Add a title to the plot, and set it to be “Number of COVID-19 cases by Sex”.

Hint: The documentation above contains some examples that might help you get started

Sample output#

Note that the numbers may not be exactly right because the screenshot below doesn’t use the latest data (like you will be) ../../../_images/bar1.png

# Your Solution here

1.3: Counts of cases by Age Group#

Plot the counts of cases by age group, and manually order the y-axis by increasing age (use the order parameter of the countplot() function).

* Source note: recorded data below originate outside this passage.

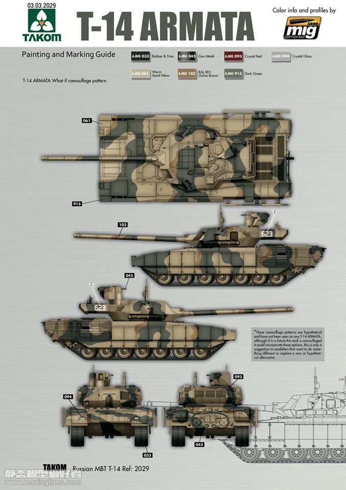 T-14这个题材最近非常火,无人炮塔吸引了无数军迷的眼球。本来以为这种新型装备短期内不会出模型,因为资料未公开,都是秘密状态,但是三花却在第一时间放出了此款T-14阿玛塔模型。从图片上来看这款模型已经上市,请注意图片上的“SELLING NOW”字样,灰色塑料锐利度良好,可动部件很多,并未采用酋长那样的魔术履带,履带齿为单独粘接。涂装方面可选范围也很多,相对于阅兵时的单色迷彩要顺眼不少,但是这辆坦克的比例还是有些不协调。。。
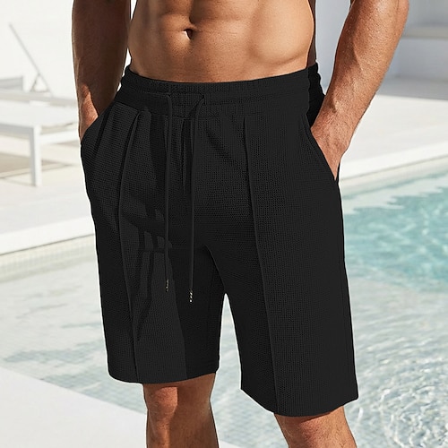 Herren Waffel-Shorts Shorts Sommershorts Freizeitshorts Kordelzug Tasche Elastischer Bund Einfach Komfort Atmungsaktiv Kurz Outdoor Strand Urlaub Sport Lässig Schwarz Weiß Mikroelastisch
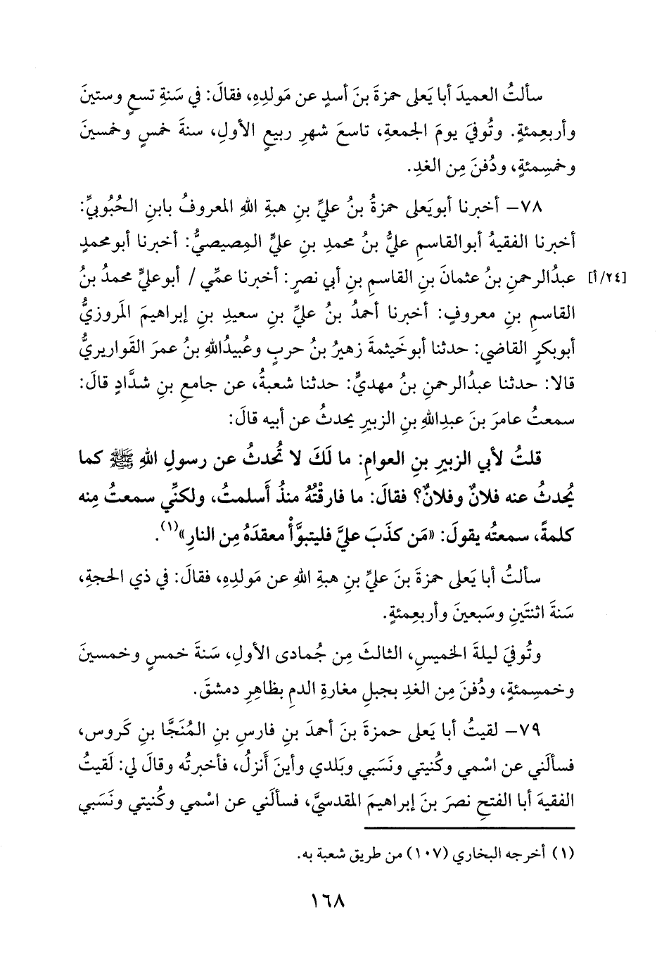 79 - لقيتُ أبا يَعلى حمزةَ بنَ أحمدَ بنِ فارسِ بنِ المُنَجَّا بنِ كَروس، فسألَني عن اسْمي وكُنيتي ونَسَبي وبَلدي وأينَ أَنزلُ، فأخبرتُه وقالَ لي: لَقيتُ الفقيهَ أبا الفتحِ نصرَ بنَ إبراهيمَ المقدسيَّ، فسألَني عن اسْمي وكُنيتي ونَسَبي

../../../_images/bar_age.png
# Your Solution here

1.4: Cases by regional health authority#

Using set() data type, find the all the different regions in df['HA']. In the next step, print the set containing the different regions. Finally, using sns.countplot(), plot a horizontal bar chart of number of cases based on their regions.

Hint: Your plot doesn’t have to look exactly like this, but please do explore the possible color palettes. You can specify the colour palette by passing in the keyword like this: palette='colorblind'.

Sample output#

../../../_images/hbar.png
# Your solution here

1.5: Data Wrangling I#

Task: Add a new column to the dataframe to convert the “Reported_Date” column to a datetime object

To do this, first we need to add a new column to our dataset to turn the column “Reported_Date” into a proper datetime object so we can do operations on it.

Hint: Use to to_datetime() function to help you first convert it into a datetime object, and then remove the timezone information and HH:MM:SS using .dt.date.

# Your Solution here

1.6: Data Wrangling II#

Task: Find the earliest reported case and the latest reported case of COVID-19 in the dataset

You should use the pandas .min() and .max() functions here, now that your date string is converted to a DateTime object.

Sample Output#

The earliest reported case of COVID-19 was: 2020-01-29
The latest reported case of COVID-19 was: 2020-10-14

# Your Solution here

1.7: Data Wrangling III#

Task: Create a new column in the data frame called “days_since”.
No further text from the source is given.